Beleidsplan/beheerplan | Jaar vaststelling | Jaar actualisatie |
---|---|---|
Beheerplan buitensportaccommodaties | 2015 | 2022 |
Financiële consequenties
Middelen voor groot onderhoud zijn via de voorziening onderhoud sportparken beschikbaar. In de concept actualisatie in 2021 bleek dat de middelen nog toereikend zijn.
3. Gemeentelijke gebouwen
Voor het onderhoud van de gemeentelijke gebouwen hebben we in 2020 nieuwe Meerjaren Onderhouds Plannen (MJOP) opgesteld. Voor het preventief en correctief onderhoud zijn contracten bij verschillende partijen afgesloten. De gebouwen worden jaarlijks geïnspecteerd. Het MJOP en de uitvoering van de inspectie is gebaseerd op de methodiek conditiemeten (NEN2767) en GBV (Gewapend Beton Voorschriften). Het MJOP is vertaald in het Vastgoedbeheerplan Gemeentelijke Gebouwen 2020-2025. We onderhouden de gebouwen volgens de NEN2767 op minimaal conditieniveau 3: sober en doelmatig.
Beleidsplan/beheerplan | Jaar vaststelling | Jaar actualisatie |
---|---|---|
Beheerplan gemeentelijke gebouwen | 2020 | 2025 |
Financiële consequenties
De onderhoudskosten voor gemeentelijke gebouwen nemen we op in de meerjarige onderhoudsplannen. In de begroting nemen we jaarlijks structureel budget op voor de uitvoering van het noodzakelijke planmatig en preventief onderhoud. Deze budgetten reserveren we per gebouwcluster in een onderhoudsvoorziening.

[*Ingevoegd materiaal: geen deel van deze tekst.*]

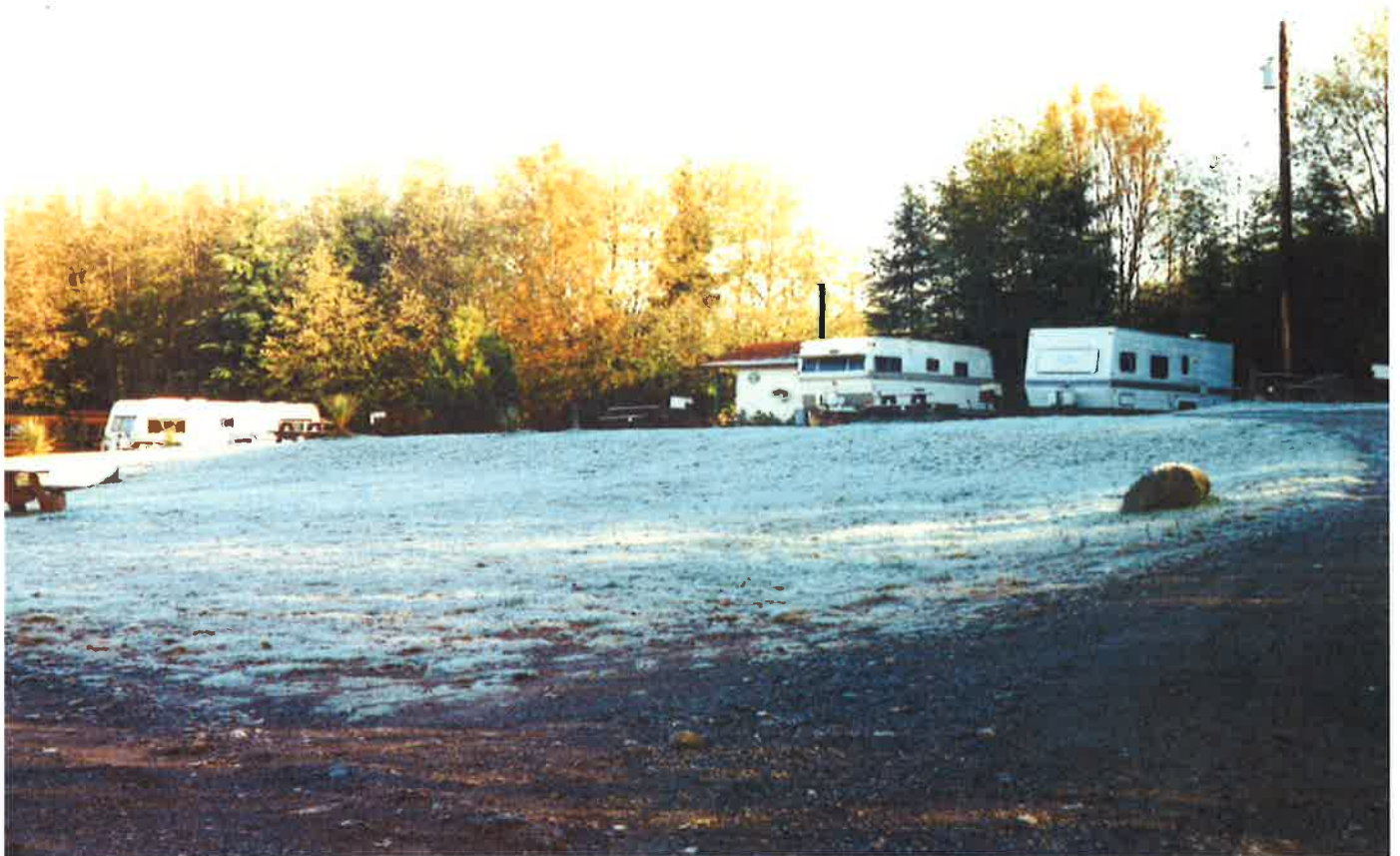
This is the Alert Bay Campground. Seasonal: April to October. It is $22.00 per night for hookups and $13.00 per night for tents. Our campsite is located next to the Ecological Park.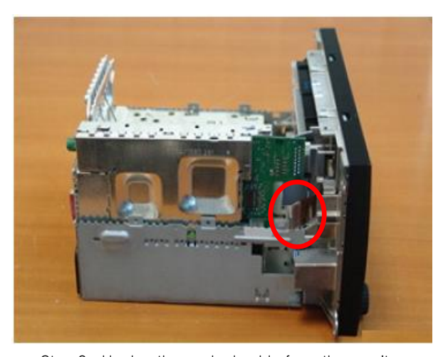
Step 2: Unplug the marked cable from the monitor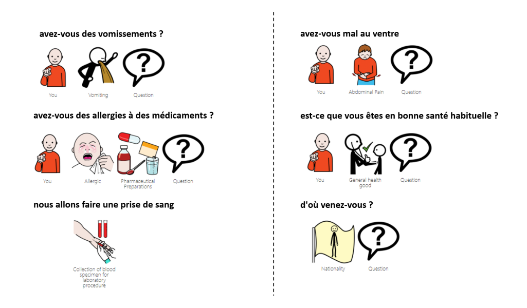
Figure 3: Examples extracted from the test data. The system translated the human transcriptions (sentences in bold) to UMLS gloss (terms below each picture). The result was then mapped to Arasaac pictographs.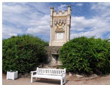
Queen Victoria Monument in Hochheim

Künstler are based in Hochheim, a wine village in the Rheingau with south facing slopes going down to the Main river 3 km before its confluence with the rhine. The Hölle (sloping hillside) vineyard incorporates the Königin-Viktoria-Berg, which Her Majesty visited in 1845 and in 1851 granted permission to name the vineyard after her.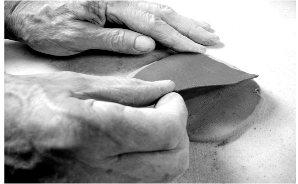
Attach smallest to medium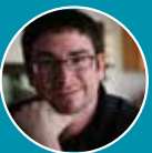
Daniel Clark Photography demo May, June, July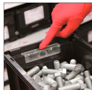
Fig. 1 iBin system installed in a bin

Wittenstein AG and BIBA – Bremer Institut für Produktion und Logistik GmbH work among others in the state-funded project CyProS on a flexible material supply system for production lines. Instead of fixed intervals, an IT system calculates round trip intervals for the transport system based on real-time demands. In the first prototype, collection of data during this so-called milk run is done by scanning QR codes. Interaction with employees of the transport system is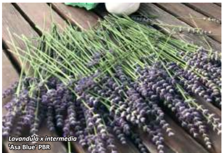
Lavandula x intermedia 'Asa Blue' PBR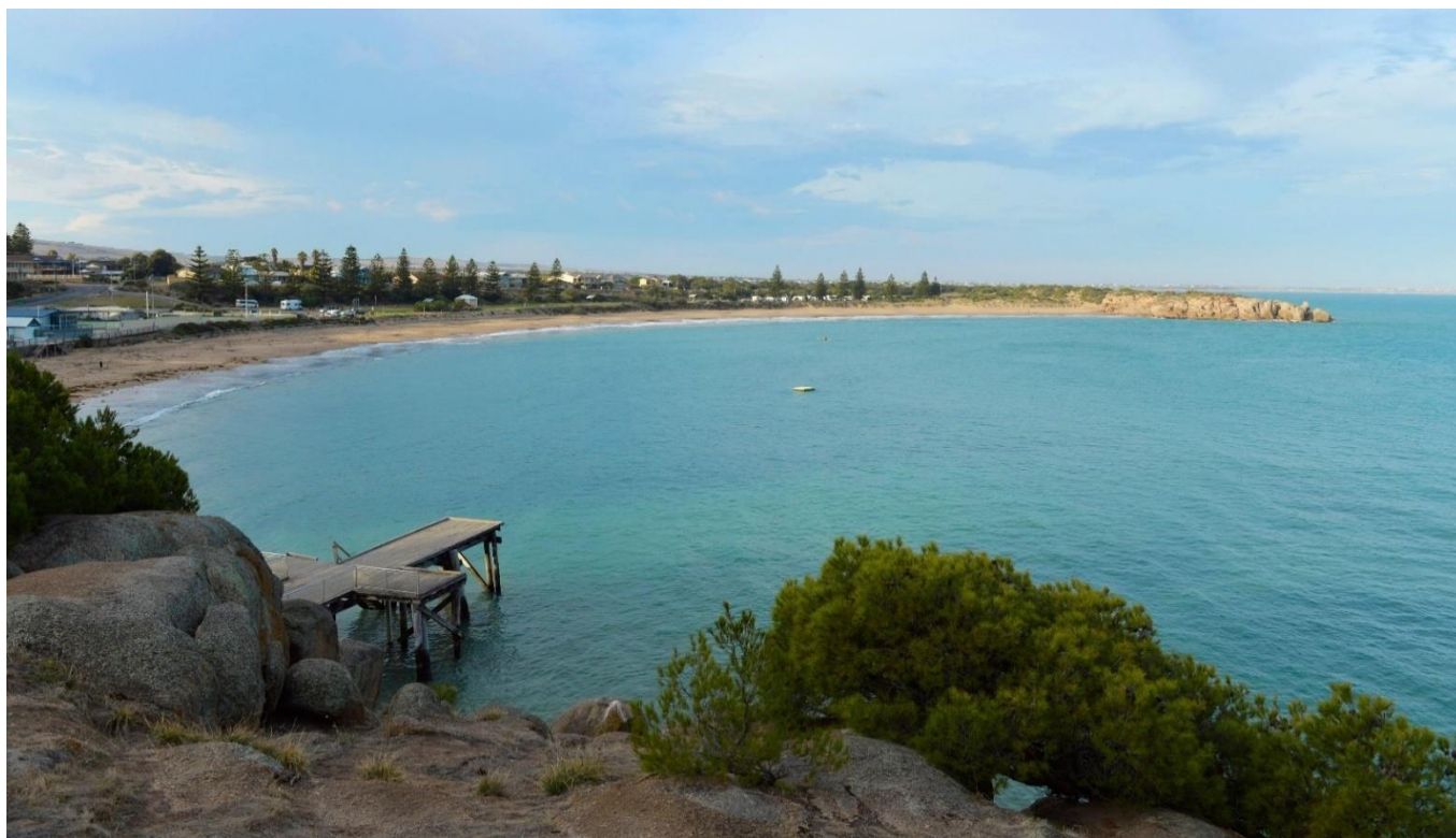
Horseshoe Bay, Port Elliot, Fleurieu Peninsula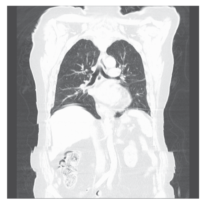
Figure 1: Computed tomography scan of chest scan (coronal plane).

We present an elderly patient who presented to A&E with stridor three times before a diagnosis of severe tracheal stenosis was made. During diagnostic CT scan,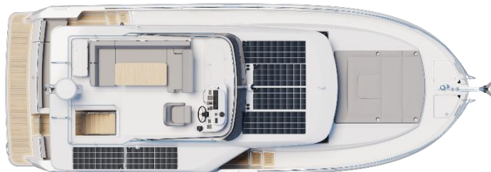
Flybridge - Silent boat option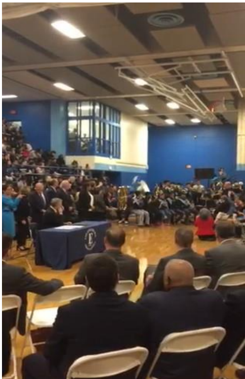
English High School Marching Band (only Marching Band in Boston)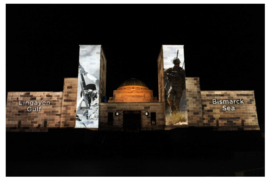
Anzac Day Dawn Service, Canberra, 2013

Australian troops waiting to be evacuated by helicopter was etched into the polished granite wall of the Vietnam Memorial of 1992, many other memorials such as the Australian Services Nurses National Memorial (1999), the Royal Australian Air Force Memorial (2002), and Reconciliation Place (2001), have followed its lead in reproducing the momentary slice of time of the photograph within various ageless, either vitreous or lithic, surfaces. In these memorials the sharp shards of the photographically specific adds piquancy to the generic mise en scene of the nationally commemorative.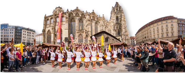
📍 Salzburg 📍 Hallstatt 📍 Vienna 📍 Prague 📍 Munich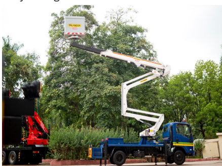
Aerial Platform - P240 A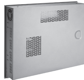
▲ Less screw design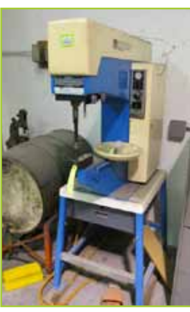
PENN SERIES 4 PREMSERTER PUNCH, 6-TON CAP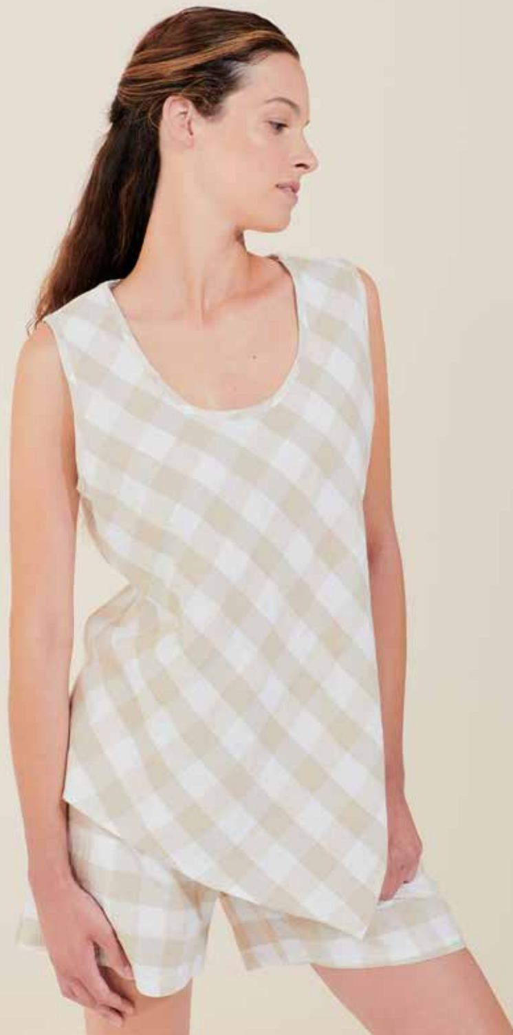
9780 Q shorts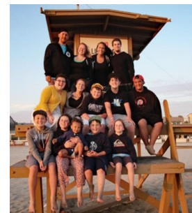
Grandkids, the beach, 2014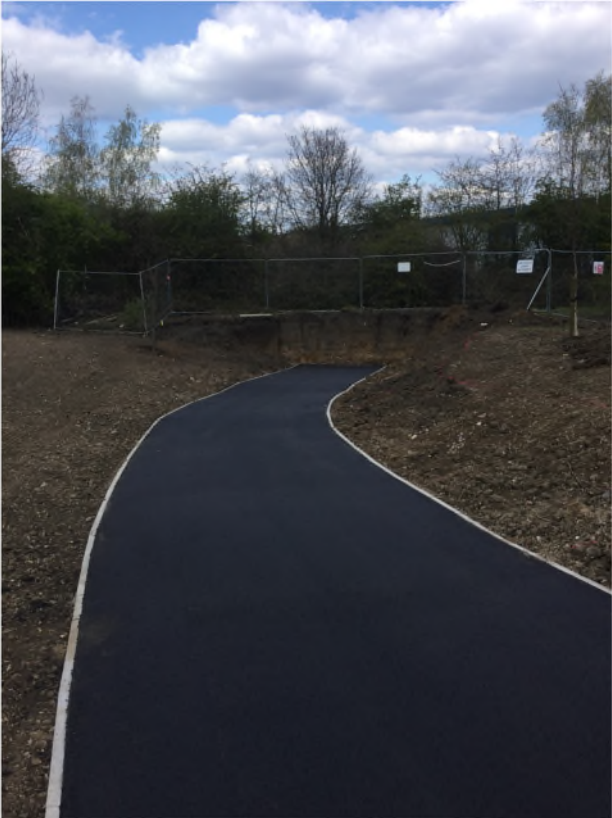
Link from Yarrow Lane constructed by Vistry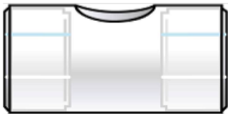
ThermoFlo™ Trach Basic

Humidification: 26mg H 2 O/L air, 500 V T Resistance: 0.25cm H 2 O @ 30 LPM Dead Space: 12 ml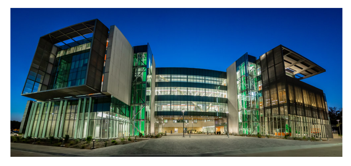
Engineering and Computer Science West (ECSW): A Combination of Innovating Spaces for Creative Thinking and Learning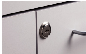
055 Door Lock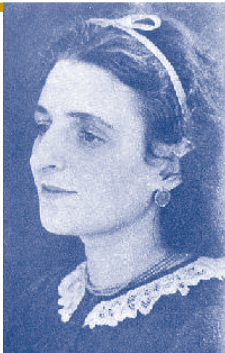
Fig. 11. Laura Riding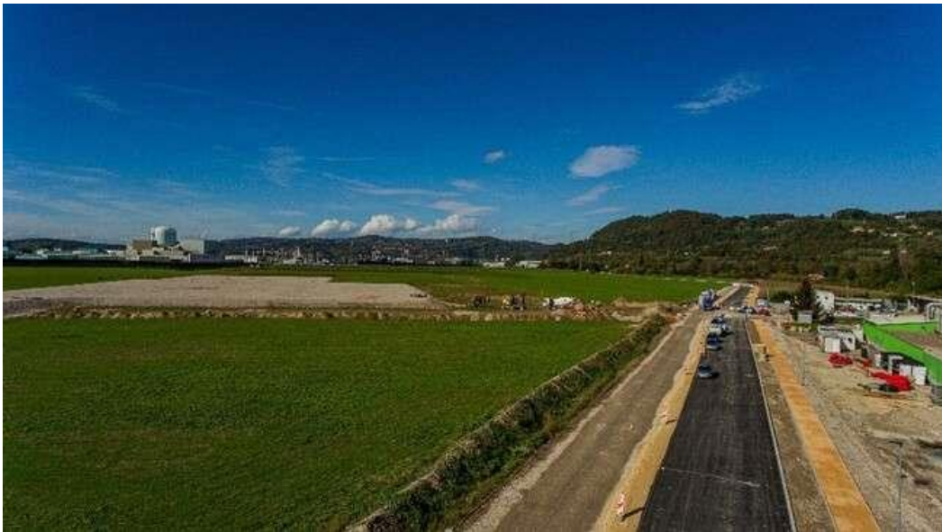
Figure 2: construction of phase 1

Als er op basis van het MIP toekomstplannen voor een gebouw zijn onderhouden we deze in eerste instantie op basis van het MJOP. Daarbij wordt rekening gehouden met eventuele planvorming voor een gebouw. We maken slimme keuzes om onderhoudswerkzaamheden op te schuiven afhankelijk van het uitvoeringsjaar. Als een project concreet is en er besloten is om een bestaand gebouw opnieuw te gebruiken, dan wordt onderhoud meegenomen in de verbouwingswerkzaamheden. Als besloten wordt een gebouw af te stoten analyseren we de financiële consequenties voor de betreffende onderhoudsvoorziening, zodat we het gebouw voor een x aantal jaar in de huidige staat kunnen onderhouden.